Nobell also argues that a genuine issue of material fact exists which precludes the grant of summary judgment. We agree. A genuine issue of material fact exists as to whether the accused device has an extrinsic telephone signalling circuit or device upon which one or more of Claims 1, 4, or 13 can be read. While both Sharper Image and Nobell presented conclusory affidavits of its expert witness, Nobell's affidavit was sufficient to demonstrate the existence of a genuine issue of material fact. It compared every limitation of the claims to the accused device.

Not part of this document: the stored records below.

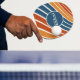 Harvest Gold 1970's Stripes Ping Pong Paddle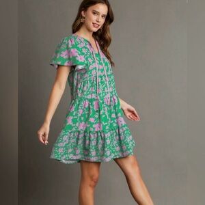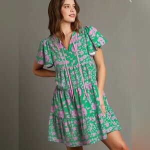 Midi, dress, umgee, floral, spring, summer, cover up, swim, flowy, tiered, pink, green, flutter, tie neck, flattering, polyester, breathable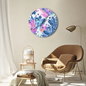 Orologio da parete - Orologio in Vetro - Pennacchi in rosa e blu - 40x40 cm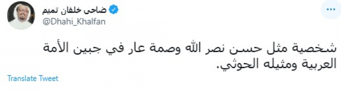 وقال في تغريدة عبر "تويتر" رصدها "المشهد العربي": "شخصية مثل حسن نصر الله وصمة عار في جبين الأمة العربية ومثيله الحوثي".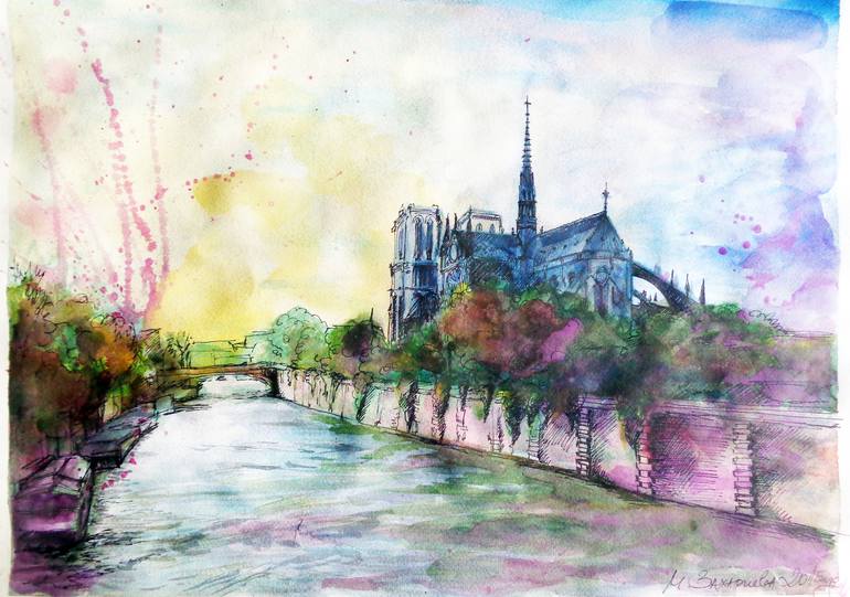 "Notre-Dame Cathedral" is a beautiful watercolor and ink painting on paper. The artist skillfully captured the iconic cathedral with delicate washes of color and precise pigment liner details. This fine art piece evokes the beauty of the Notre-Dame Cathedral in Paris, France. The artwork is reminis...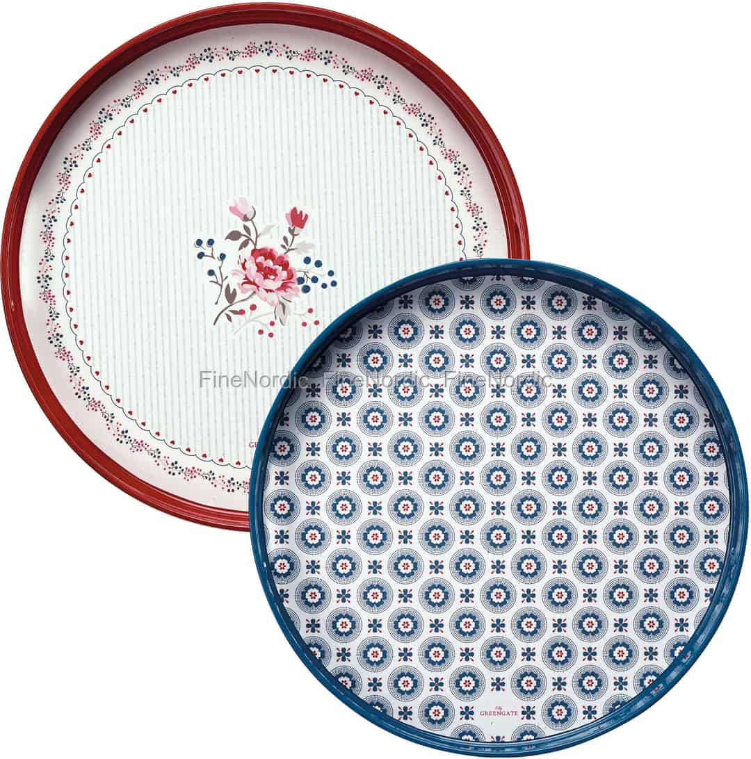 GreenGate Tablett Fiona Pale Blue Round 2er Set

Finally, a genuine issue of material fact exists as to whether Claim 12, which does not mention an extrinsic circuit or device, is infringed. The court did not treat this issue at all.

In summary, the district court erred in granting Sharper Image's motion for summary judgment. Accordingly, the judgment is vacated and the case is remanded for further proceedings consistent with this opinion.

No costs.

 1

Nu Vations markets a similar "Fido Fone" which apparently is still the subject of pending litigation

 2

The patent specification states that " [t]he integral sounding mechanism may be used in addition to the signaling device 2, or it [sic] desired may be turned off so that only the signaling device 2 is operative."